◆ **Exercise prompt**
Only what runs from the line with "除塵シート層は花粉やホコリ、" to the end of the data should appear in the answer, exactly as written and without pictures.
BEGIN Source material
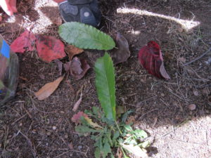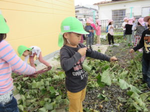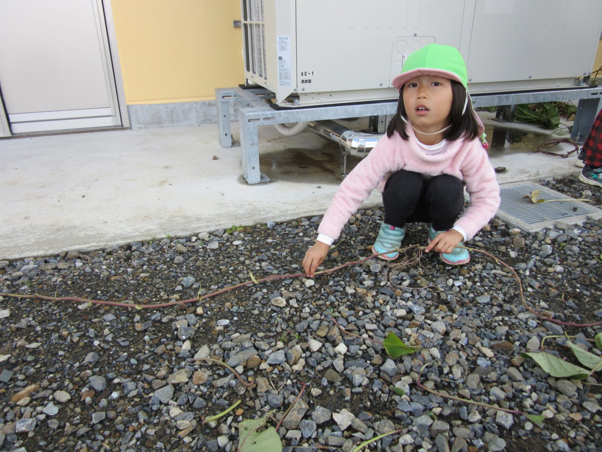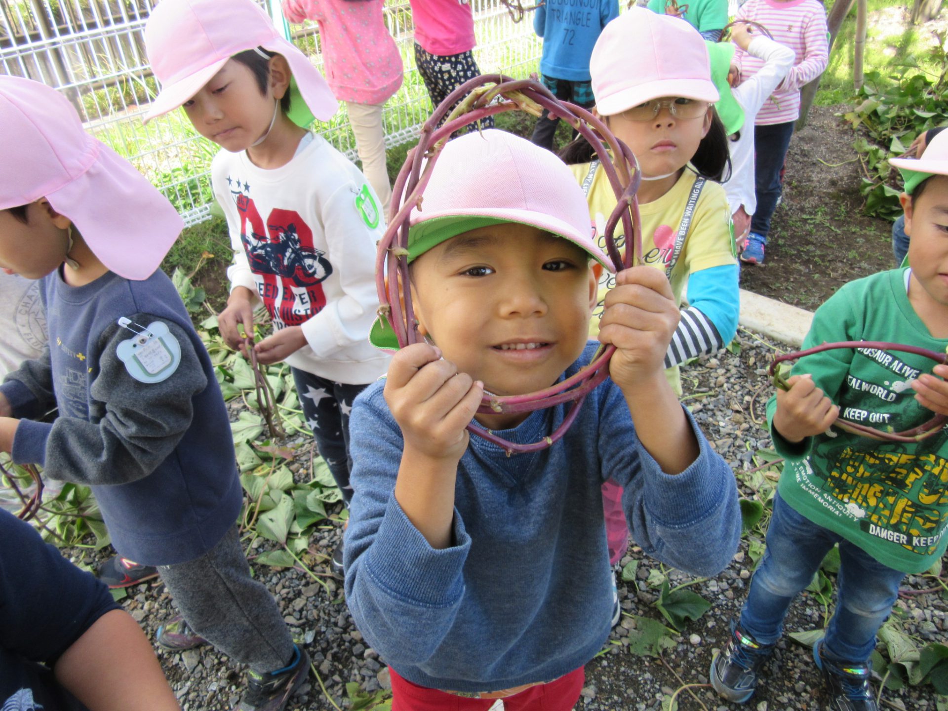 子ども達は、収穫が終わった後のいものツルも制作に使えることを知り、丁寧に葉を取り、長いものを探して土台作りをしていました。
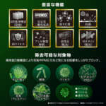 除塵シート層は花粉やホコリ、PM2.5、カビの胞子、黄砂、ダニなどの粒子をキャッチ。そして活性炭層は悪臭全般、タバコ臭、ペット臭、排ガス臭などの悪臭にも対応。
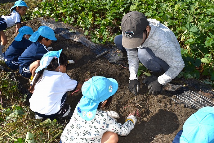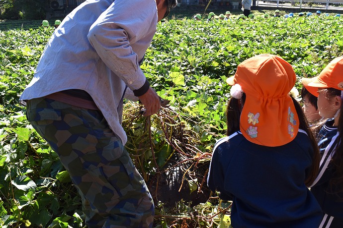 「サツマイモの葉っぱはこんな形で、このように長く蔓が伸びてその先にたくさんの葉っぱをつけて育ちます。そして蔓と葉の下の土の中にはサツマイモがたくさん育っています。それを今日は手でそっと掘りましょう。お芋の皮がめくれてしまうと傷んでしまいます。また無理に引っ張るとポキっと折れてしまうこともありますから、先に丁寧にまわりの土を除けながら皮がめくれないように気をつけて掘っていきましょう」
END Source material
◆ **Answer for the task**
 除塵シート層は花粉やホコリ、PM2.5、カビの胞子、黄砂、ダニなどの粒子をキャッチ。そして活性炭層は悪臭全般、タバコ臭、ペット臭、排ガス臭などの悪臭にも対応。
 「サツマイモの葉っぱはこんな形で、このように長く蔓が伸びてその先にたくさんの葉っぱをつけて育ちます。そして蔓と葉の下の土の中にはサツマイモがたくさん育っています。それを今日は手でそっと掘りましょう。お芋の皮がめくれてしまうと傷んでしまいます。また無理に引っ張るとポキっと折れてしまうこともありますから、先に丁寧にまわりの土を除けながら皮がめくれないように気をつけて掘っていきましょう」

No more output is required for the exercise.